→ **Input**
● ● ●

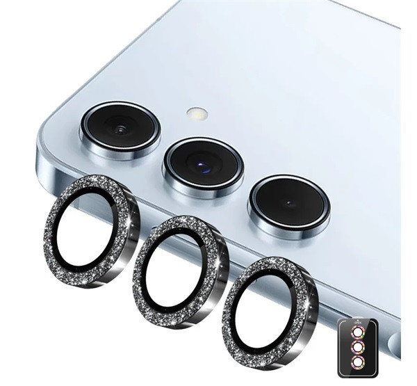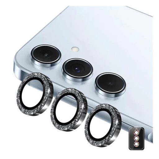 ENKAY kameravédő üveg (9H, csillámporos, csak lencse + segédkeret) FEKETE
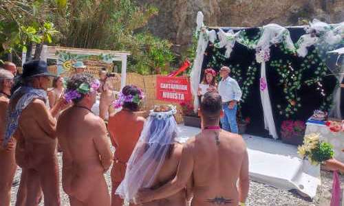 Det var avklätt och billig (!) bröllopsklädsel som gällde när inte mindre än åtta nudistpar gifte sig i helgen på Cantarriján-stranden i Almuñécar på Costa Tropical. Det var första gången sedan 1934 som ett sådant storbröllop hölls. Det var föreningen Asociación de Amigos de la Playa Nudista de Cantarriján med stöd av turistmyndigheten Patronato de Turismo de Almuñécar- La Herradura som ansvarade för evenemanget, skriver kommunen i ett pressmeddelande.
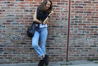 Haut: NewLook • Echarpe: Monki (ici) • Pantalon: Levi’s, trouvé en friperie • Chaussures: Creepers, trouvés en friperie • Sac: Primark • Boucles d’oreilles: Primark
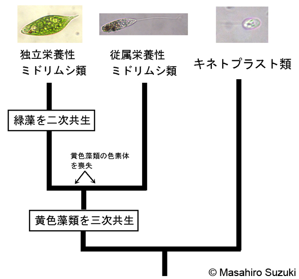 | ミドリムシ(ユーグレナ)門の系統と色素体獲得の模式図 | ||||||
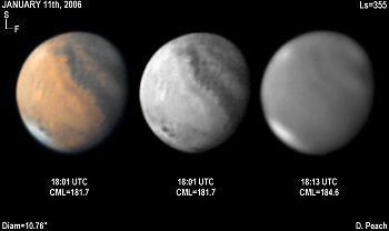 January11th, 2006. Ls=355. Diam=10.76". Mars grows smaller in the evening sky. These images show the Mare Sirenium hemisphere. Note the brilliant white cloud at left over the Arsia Mons volcano. The South Polar Hood is forming, and the cap will start to increase in size again beneath the hood. The NPH remians brilliant. 14" Schmidt Cassegrain @ F40. Lumenera Lu075M CCD camera.
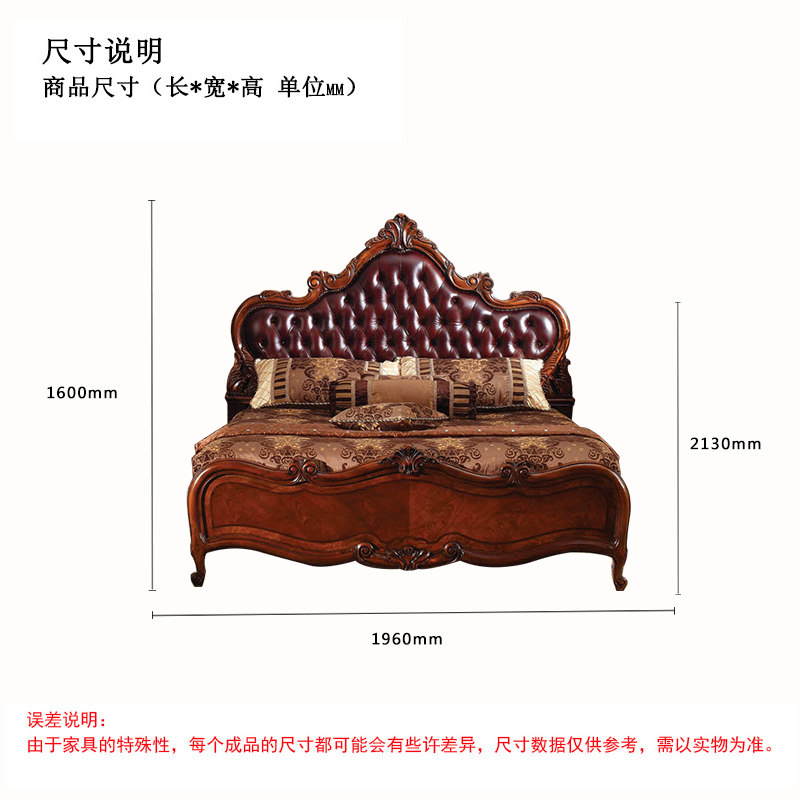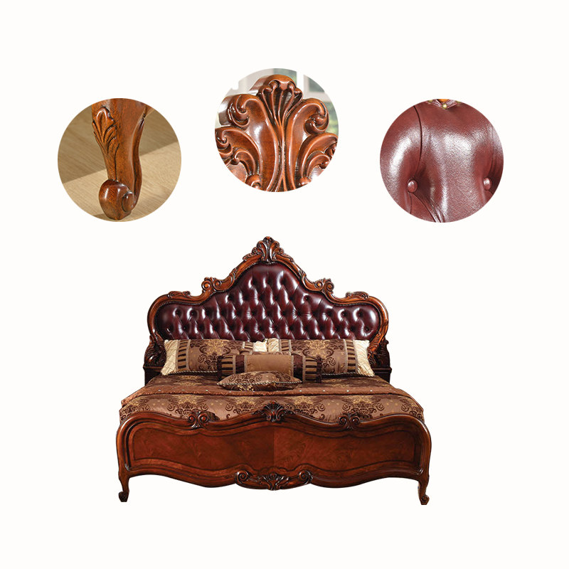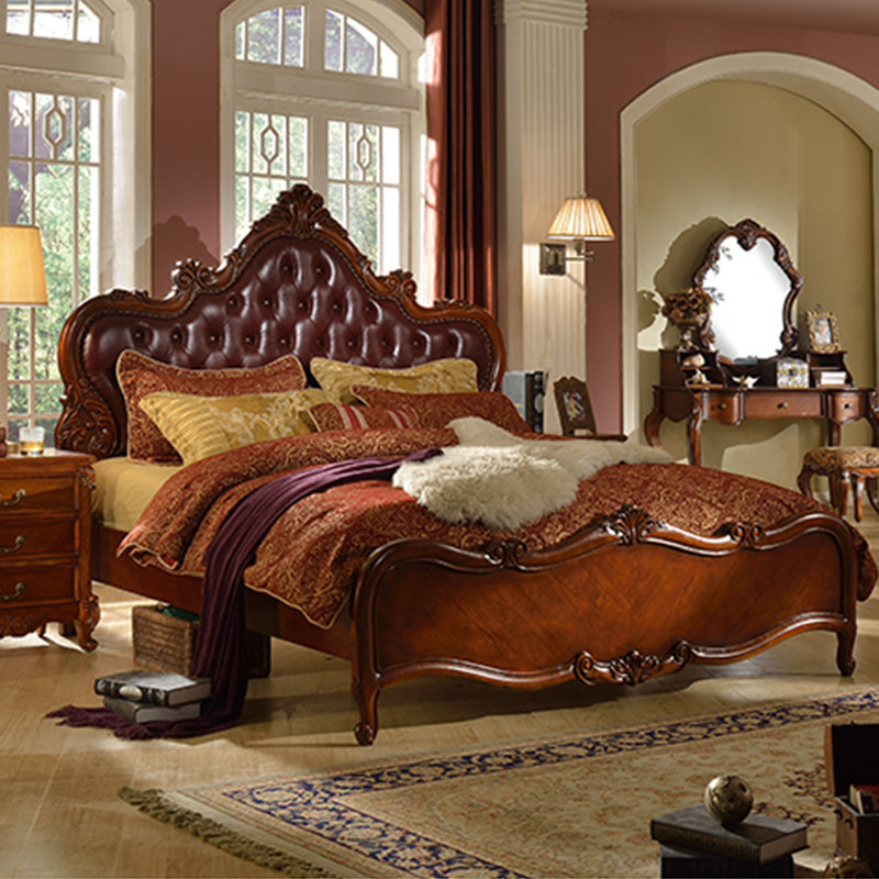 Meng Han American full solid wood genuine leather bed European style solid wood master bedroom with double bed 1 8 m net red bedroom solid wood wedding bed
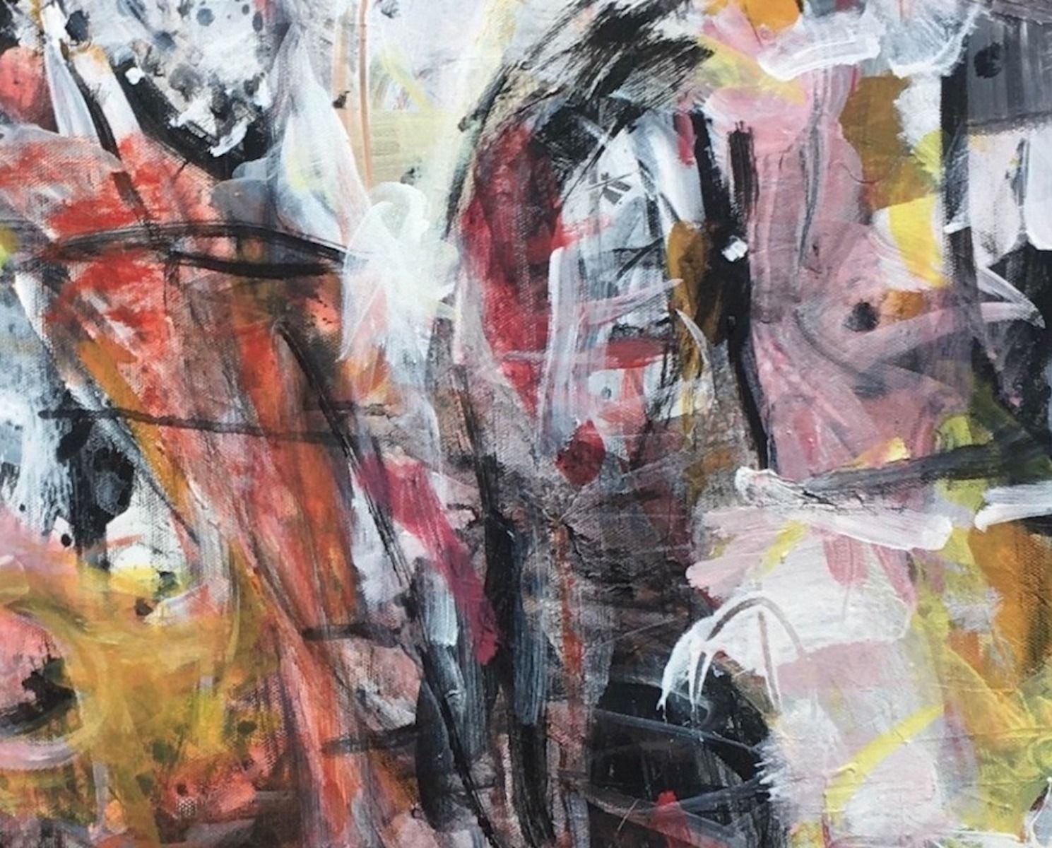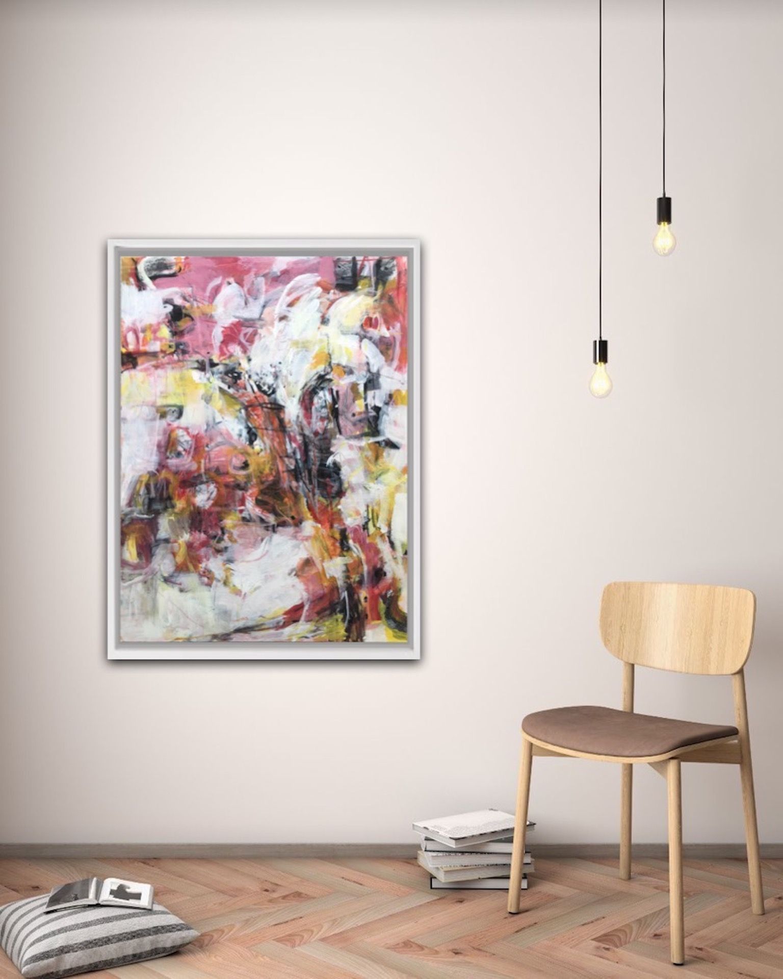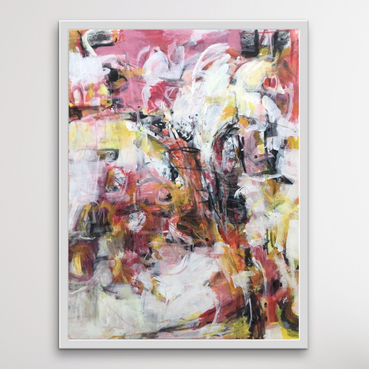 Fiesta! is an original abstract expressionist painting by Janet Keith. The painting is a bold and energetic expression of fun and joy. Its warm colours - pinks and yellows are favourites of the artist. Janet often has music playing while she is working in the studio and many of her paintings
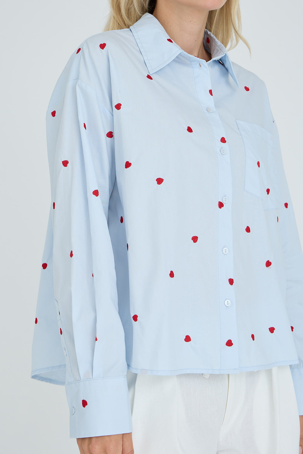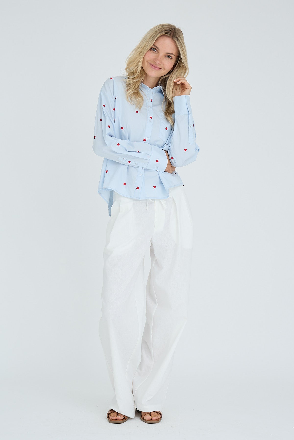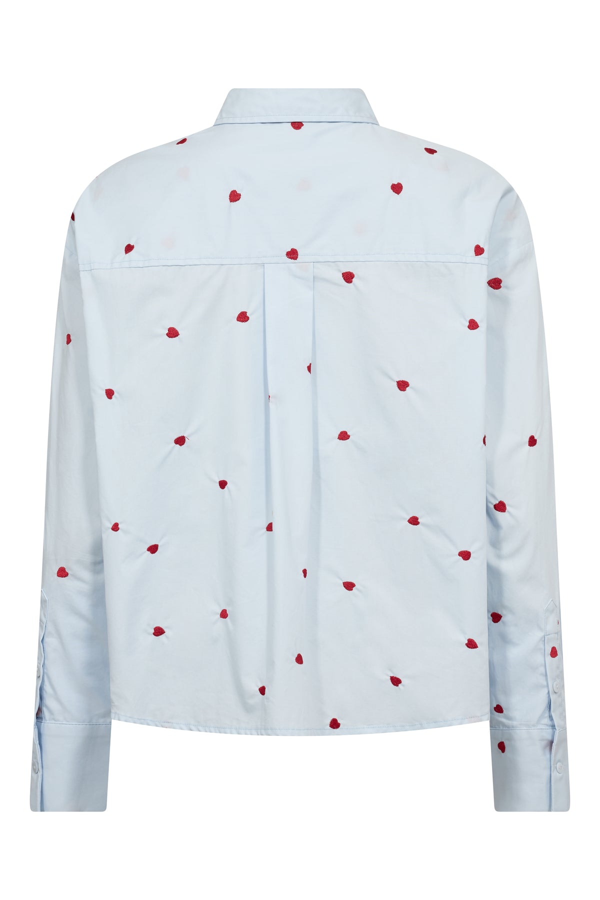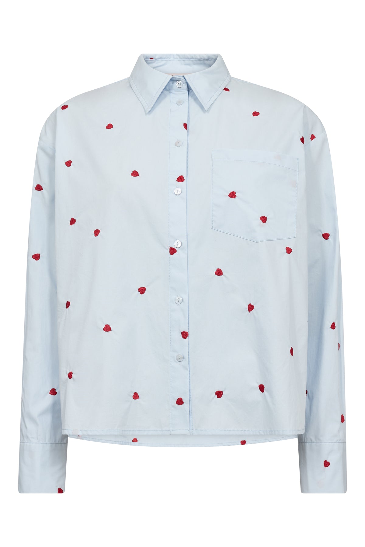 Monique-paita on klassinen ja naisellinen paita kevyestä ja miellyttävästä materiaalista. Pienet, brodeeratut sydämet tuovat siihen leikkisän ja elegantin ilmeen. Paidassa on pitkät hihat kalvosimilla, edessä napitus, klassinen kaulus sekä rento istuvuus, joka laskeutuu kauniisti vartalolle.
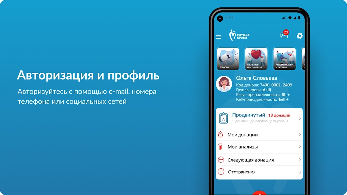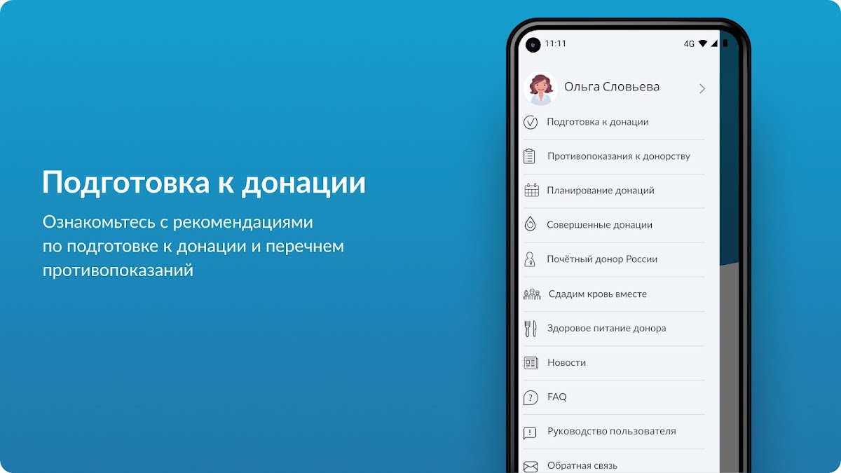 Пользователям доступен функционал планирования своих донаций, получение информации о результатах медицинского и лабораторного обследований, онлайн-консультация специалистов Службы крови.
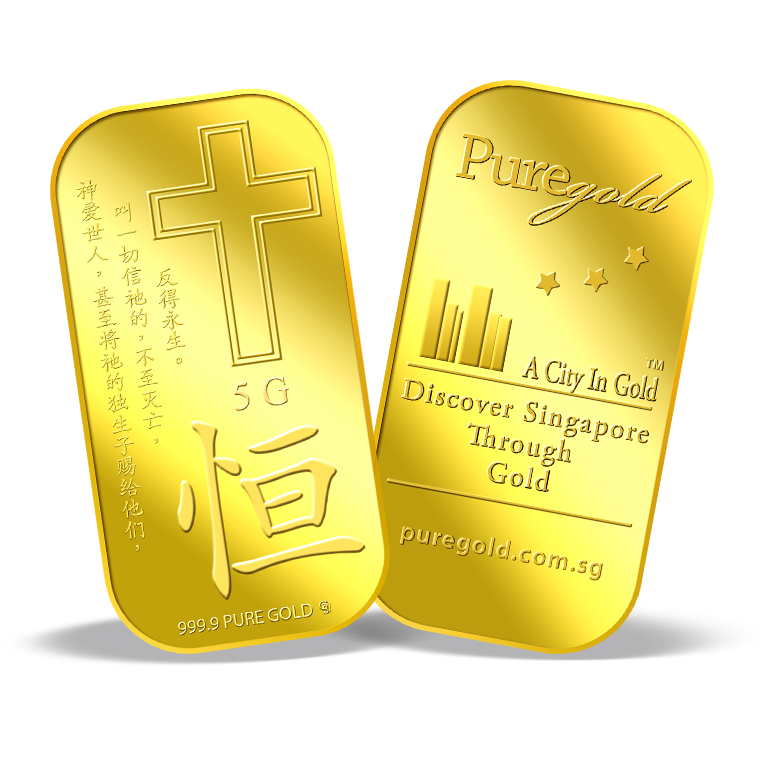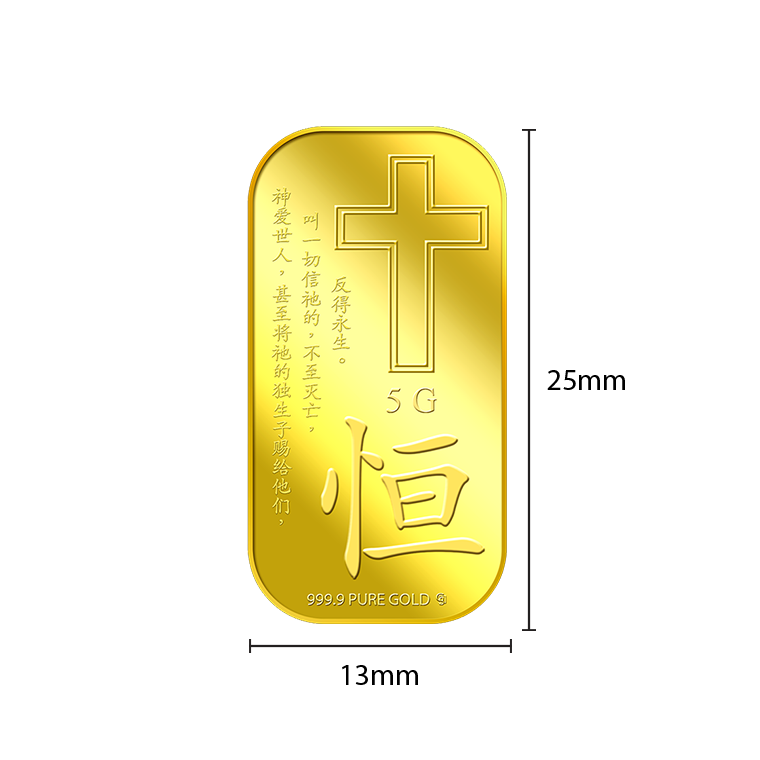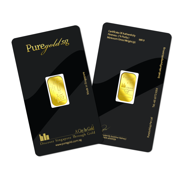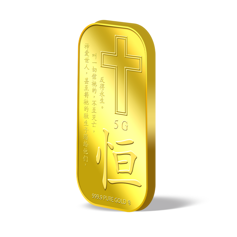 The image is embossed on a 5 grams 999.9 fine gold bar.
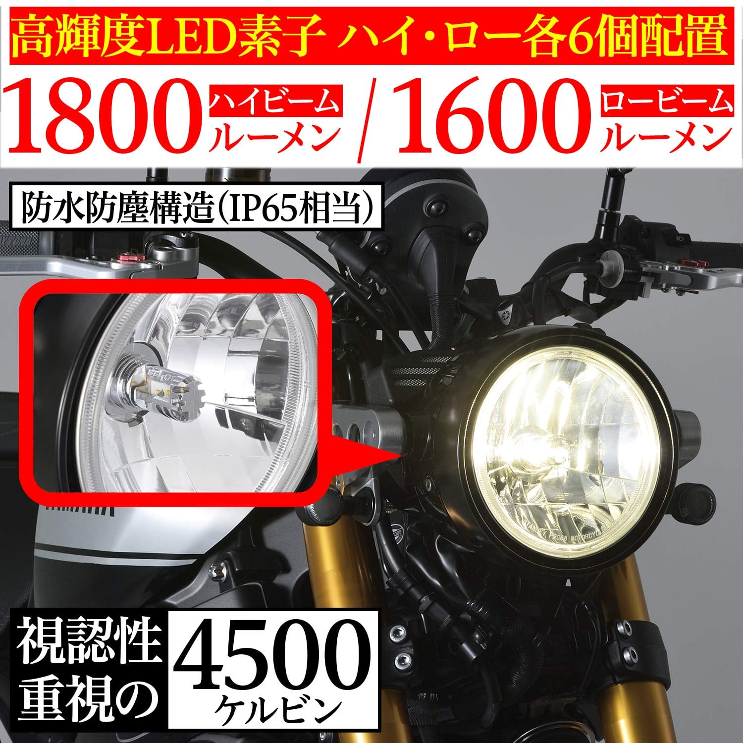 見やすさを優先させたバイク用4500ケルビンLEDヘッドランプ。高輝度LED素子をハイ/ロービーム各6個配置。明るさはハイ1800ルーメン/ロービーム1600ルーメンで、ハイロー切り替えも瞬時に切り替え可能です。アルミ製クロームメッキボディに、電動冷却ファンをバルブフランジ前方に配置。ハロゲンバルブと同等寸法だから、取付場所や配線の取り回しに悩むことはありません。
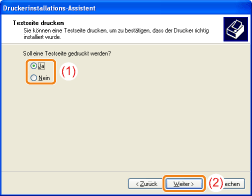 Wählen Sie aus, ob eine Testseite gedruckt werden soll.
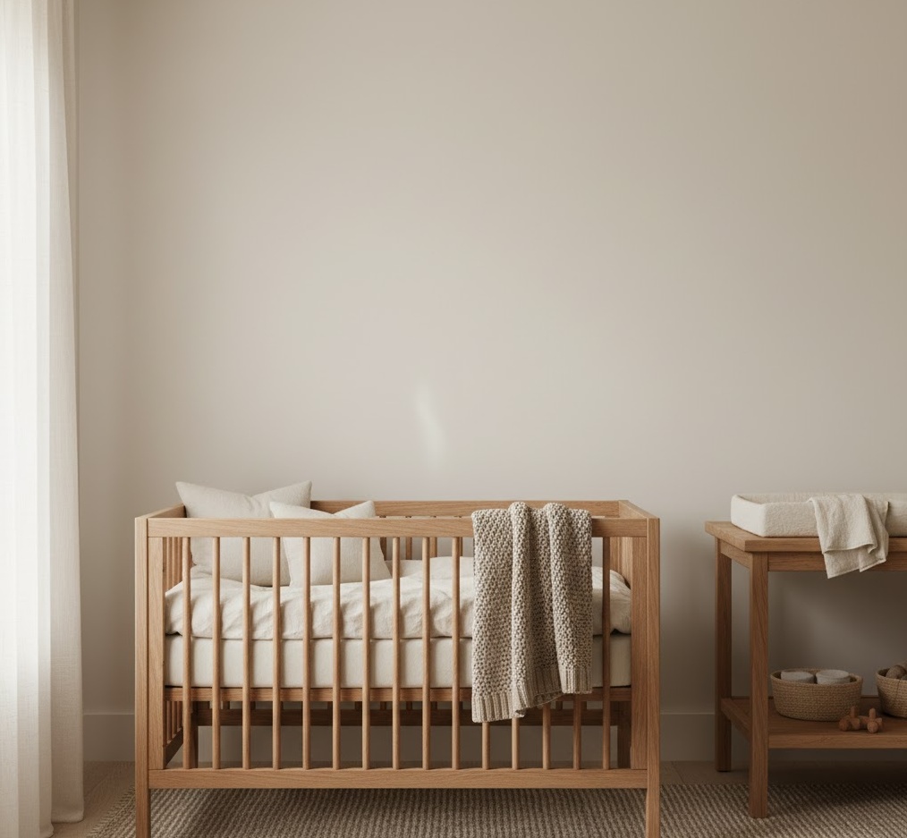 An organic neutral nursery prioritises health, sustainability, and natural comfort, creating a safe and gentle environment for your baby. This style focuses on non-toxic materials, natural fibres, and a soft, soothing aesthetic, ensuring peace of mind for parents. The colour palette typically features gentle creams, warm beiges, soft greens, and muted blues, all derived from natural dyes where possible. Materials such as organic cotton, linen, wool, and sustainably sourced, untreated wood are paramount, chosen for their purity and breathability. Furniture is often crafted from solid, natural wood with non-toxic finishes, ensuring a healthy sleep and play space. The mood is one of pure comfort and mindful living, providing a truly wholesome and nurturing haven free from harsh chemicals and artificial elements.

● ● ●

→ **What you are asked to do**
Restate the whole listing above exactly, except for its images.

→ **Response to the exercise**
 ENKAY kameravédő üveg (9H, csillámporos, csak lencse + segédkeret) FEKETE
 Det var avklätt och billig (!) bröllopsklädsel som gällde när inte mindre än åtta nudistpar gifte sig i helgen på Cantarriján-stranden i Almuñécar på Costa Tropical. Det var första gången sedan 1934 som ett sådant storbröllop hölls. Det var föreningen Asociación de Amigos de la Playa Nudista de Cantarriján med stöd av turistmyndigheten Patronato de Turismo de Almuñécar- La Herradura som ansvarade för evenemanget, skriver kommunen i ett pressmeddelande.
 Haut: NewLook • Echarpe: Monki (ici) • Pantalon: Levi’s, trouvé en friperie • Chaussures: Creepers, trouvés en friperie • Sac: Primark • Boucles d’oreilles: Primark
 | ミドリムシ(ユーグレナ)門の系統と色素体獲得の模式図 | ||||||
 January11th, 2006. Ls=355. Diam=10.76". Mars grows smaller in the evening sky. These images show the Mare Sirenium hemisphere. Note the brilliant white cloud at left over the Arsia Mons volcano. The South Polar Hood is forming, and the cap will start to increase in size again beneath the hood. The NPH remians brilliant. 14" Schmidt Cassegrain @ F40. Lumenera Lu075M CCD camera.
 Meng Han American full solid wood genuine leather bed European style solid wood master bedroom with double bed 1 8 m net red bedroom solid wood wedding bed
 Fiesta! is an original abstract expressionist painting by Janet Keith. The painting is a bold and energetic expression of fun and joy. Its warm colours - pinks and yellows are favourites of the artist. Janet often has music playing while she is working in the studio and many of her paintings
 Monique-paita on klassinen ja naisellinen paita kevyestä ja miellyttävästä materiaalista. Pienet, brodeeratut sydämet tuovat siihen leikkisän ja elegantin ilmeen. Paidassa on pitkät hihat kalvosimilla, edessä napitus, klassinen kaulus sekä rento istuvuus, joka laskeutuu kauniisti vartalolle.
 Пользователям доступен функционал планирования своих донаций, получение информации о результатах медицинского и лабораторного обследований, онлайн-консультация специалистов Службы крови.
 The image is embossed on a 5 grams 999.9 fine gold bar.
 見やすさを優先させたバイク用4500ケルビンLEDヘッドランプ。高輝度LED素子をハイ/ロービーム各6個配置。明るさはハイ1800ルーメン/ロービーム1600ルーメンで、ハイロー切り替えも瞬時に切り替え可能です。アルミ製クロームメッキボディに、電動冷却ファンをバルブフランジ前方に配置。ハロゲンバルブと同等寸法だから、取付場所や配線の取り回しに悩むことはありません。
 Wählen Sie aus, ob eine Testseite gedruckt werden soll.
 An organic neutral nursery prioritises health, sustainability, and natural comfort, creating a safe and gentle environment for your baby. This style focuses on non-toxic materials, natural fibres, and a soft, soothing aesthetic, ensuring peace of mind for parents. The colour palette typically features gentle creams, warm beiges, soft greens, and muted blues, all derived from natural dyes where possible. Materials such as organic cotton, linen, wool, and sustainably sourced, untreated wood are paramount, chosen for their purity and breathability. Furniture is often crafted from solid, natural wood with non-toxic finishes, ensuring a healthy sleep and play space. The mood is one of pure comfort and mindful living, providing a truly wholesome and nurturing haven free from harsh chemicals and artificial elements.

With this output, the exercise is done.